• Dataset items:
+---+

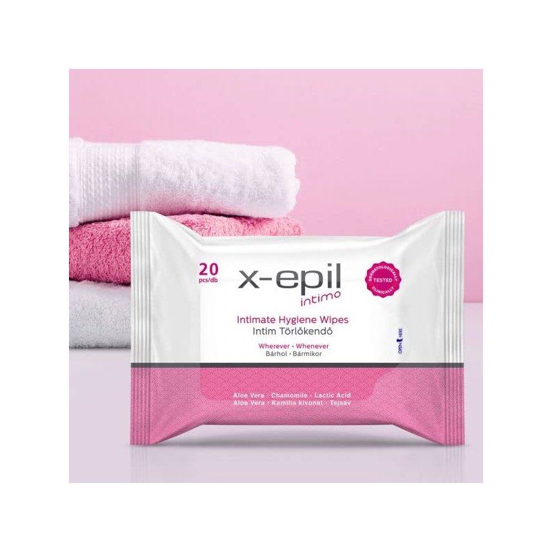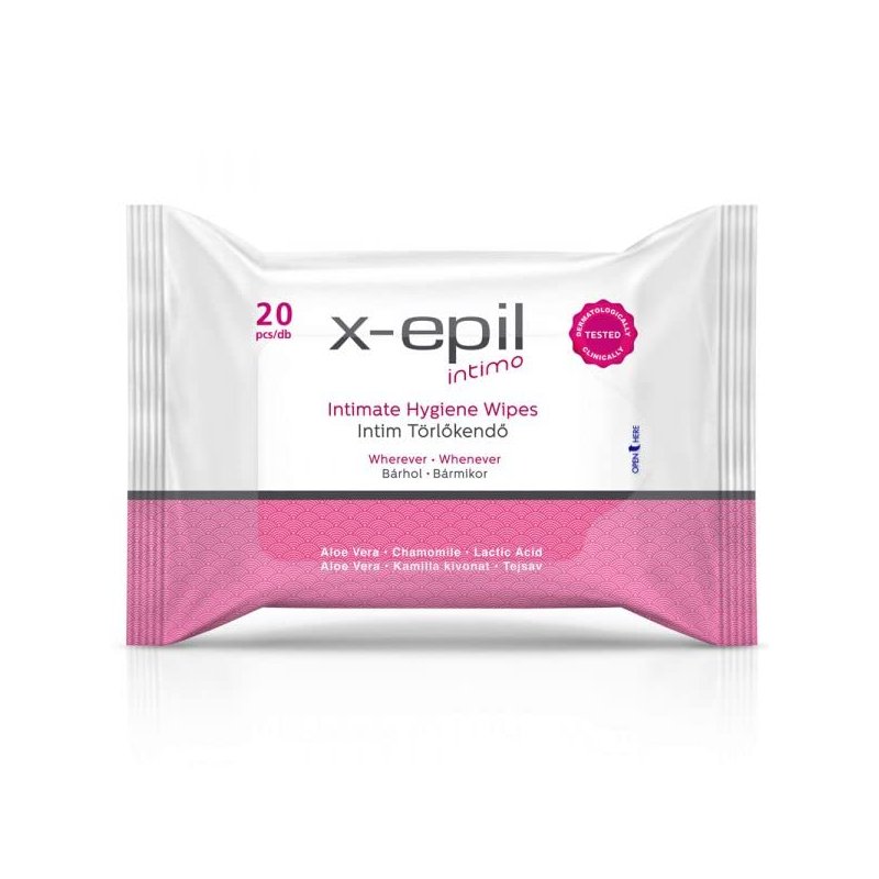 X-Epil - Vegan Intimate Hygiene Wipes – 20 pcs - pH-Balanced & Hypoallergenic Wipes For Daily Hygiene Routine - Gentle Cleansing for Sensitive Skin (Normal)
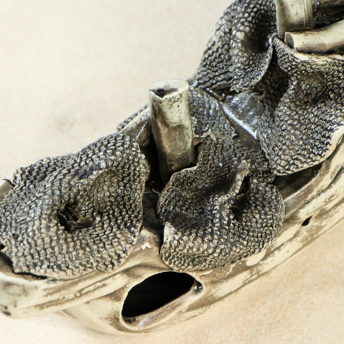 Декорация устойчива к воздействию температуры и подходит для пресной и морской воды. В изделии есть множество отверстий, в которых смогут укрываться мелкие рыбки.
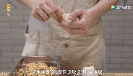 店里的外籍员工都在认真学包包子,因为会包包子能让你有明星光环!(If you can make a bun, you're kind of a super star.)
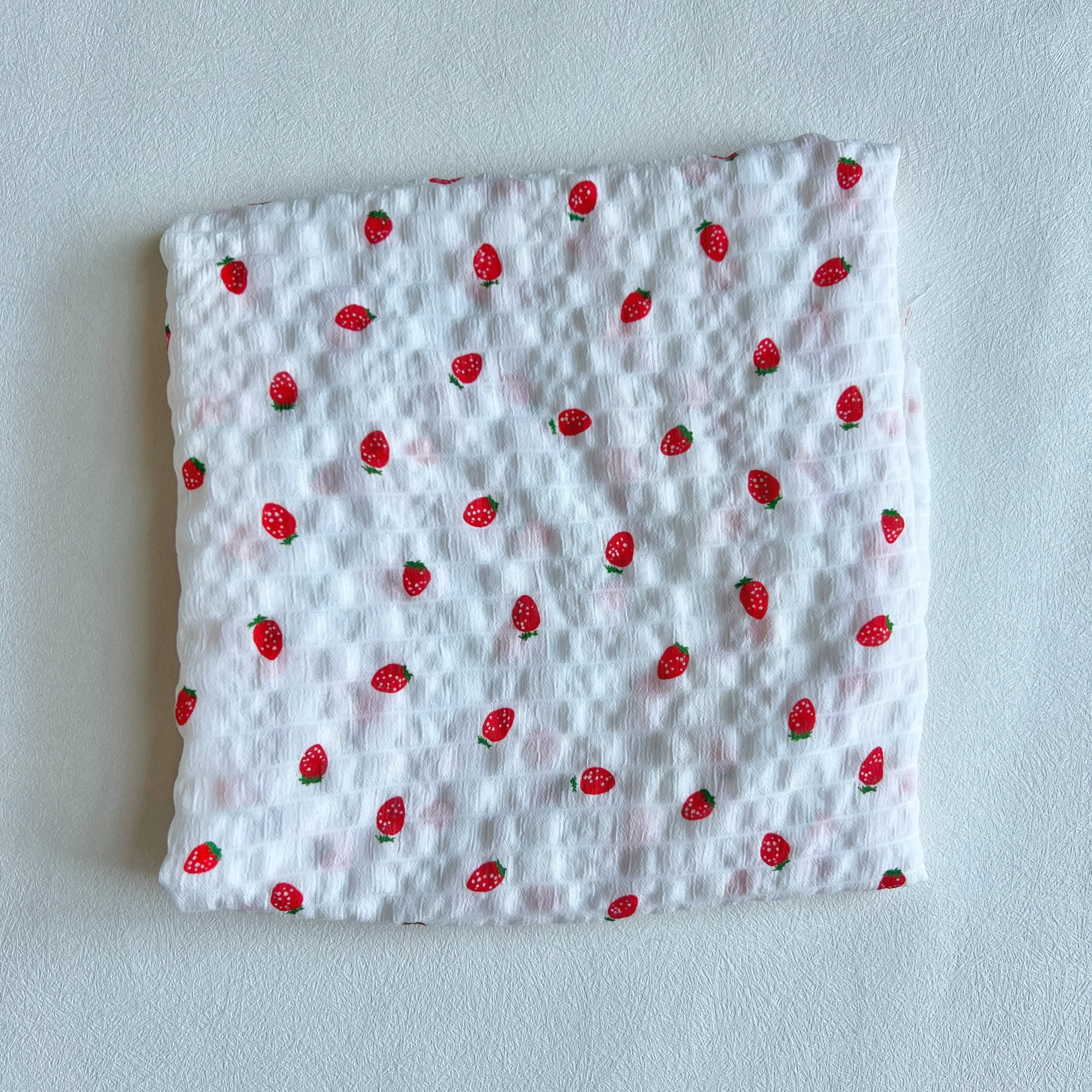 涼しげなポコポコのリップル生地に小粒のいちごのイラストが沢山入ってます。
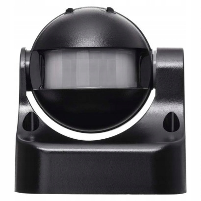 Чорний датчик рухуз вертикальним регулюванням у діапазоні 180 градусів, корисний для автоматичного керування освітленням чи іншими електричними пристроями. Датчик можна встановлювати як у приміщенні, так і на вулиці. Однак у разі зовнішнього встановлення він повинен бути належним чином покритий, наприклад, дахом. Висота установки датчика над землею повинна бути не менше 2 метрів. Датчик дуже чутливий до бічних рухів. Освітлення вмикається за допомогою датчика руху PIR, який працює в інфрачервоному діапазоні. Радіус дії ІЧ-детектора 12 м.
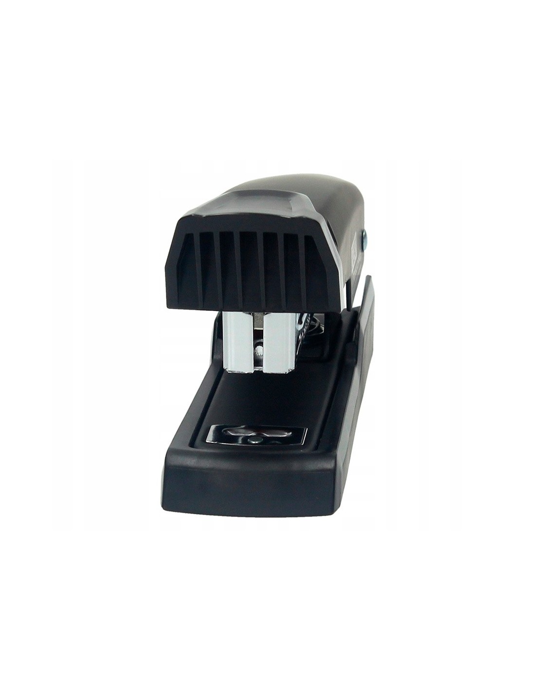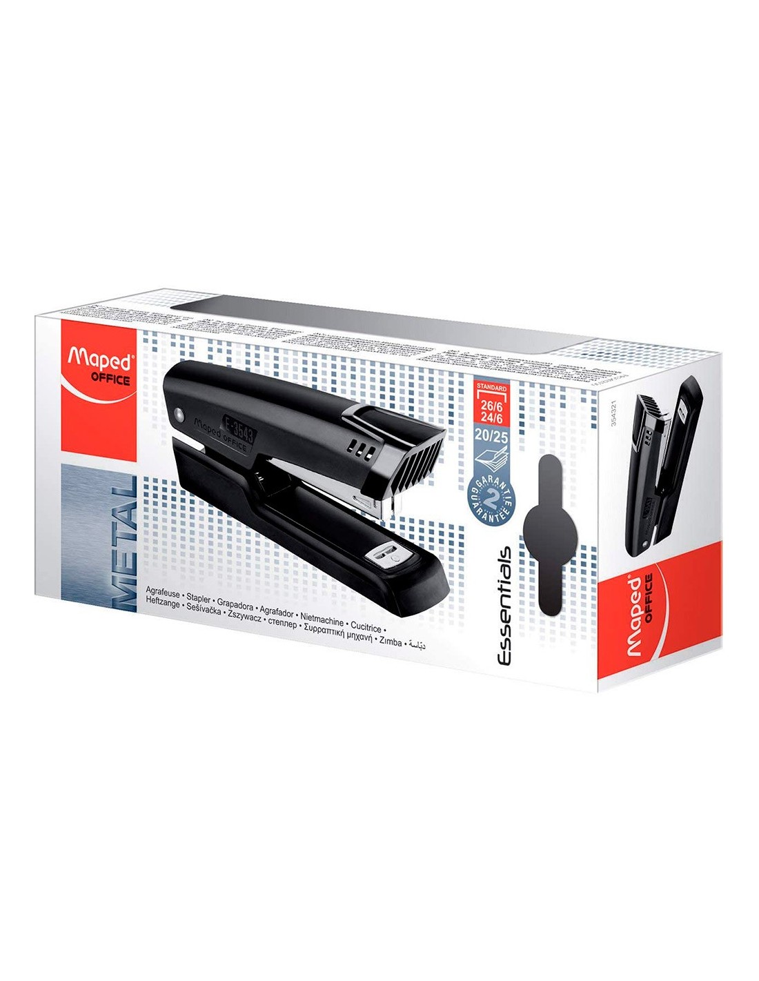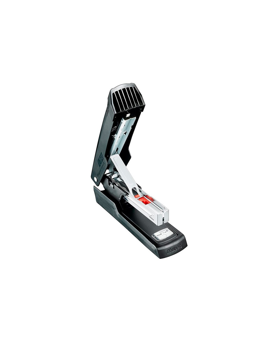 Grapadora metálica. Color negro. Con visualización de la reserva de grapas. Realiza 2 funciones: grapado y clavado. Usa grapas 24/6 y 26/6. Capacidad de carga: 100 grapas 24/6 ó 140 grapas 26/6. Carga superior. Capacidad de grapado hasta 25 hojas. Profundidad de grapado: 61 mm. Longitud de la base: 120 mm. Medidas: 32 x 62 x 120 mm.
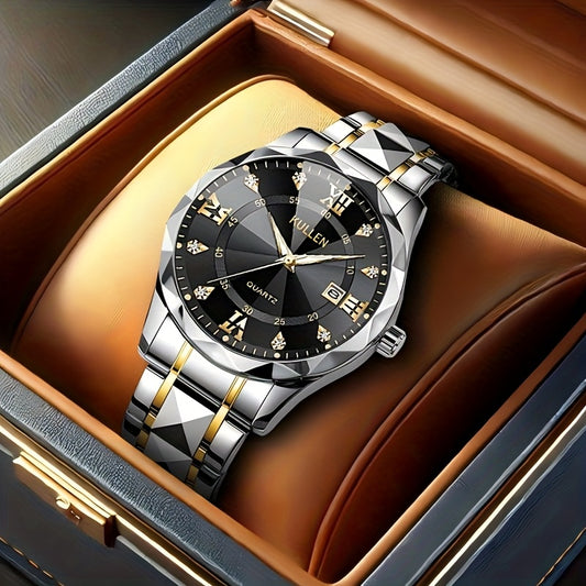 Elegant Men'S Quartz Watch with Stainless Steel Band, Alloy Case & Round Dial - Elegant Timepiece, Ideal for Business Professionals, Perfect Valentine'S Day & Thanksgiving Gift

+---+

• Problem details: Please repeat the data above exactly as it appears, pictures excluded.

• Answer below:
 X-Epil - Vegan Intimate Hygiene Wipes – 20 pcs - pH-Balanced & Hypoallergenic Wipes For Daily Hygiene Routine - Gentle Cleansing for Sensitive Skin (Normal)
 Декорация устойчива к воздействию температуры и подходит для пресной и морской воды. В изделии есть множество отверстий, в которых смогут укрываться мелкие рыбки.
 店里的外籍员工都在认真学包包子,因为会包包子能让你有明星光环!(If you can make a bun, you're kind of a super star.)
 涼しげなポコポコのリップル生地に小粒のいちごのイラストが沢山入ってます。
 Чорний датчик рухуз вертикальним регулюванням у діапазоні 180 градусів, корисний для автоматичного керування освітленням чи іншими електричними пристроями. Датчик можна встановлювати як у приміщенні, так і на вулиці. Однак у разі зовнішнього встановлення він повинен бути належним чином покритий, наприклад, дахом. Висота установки датчика над землею повинна бути не менше 2 метрів. Датчик дуже чутливий до бічних рухів. Освітлення вмикається за допомогою датчика руху PIR, який працює в інфрачервоному діапазоні. Радіус дії ІЧ-детектора 12 м.
 Grapadora metálica. Color negro. Con visualización de la reserva de grapas. Realiza 2 funciones: grapado y clavado. Usa grapas 24/6 y 26/6. Capacidad de carga: 100 grapas 24/6 ó 140 grapas 26/6. Carga superior. Capacidad de grapado hasta 25 hojas. Profundidad de grapado: 61 mm. Longitud de la base: 120 mm. Medidas: 32 x 62 x 120 mm.
 Elegant Men'S Quartz Watch with Stainless Steel Band, Alloy Case & Round Dial - Elegant Timepiece, Ideal for Business Professionals, Perfect Valentine'S Day & Thanksgiving Gift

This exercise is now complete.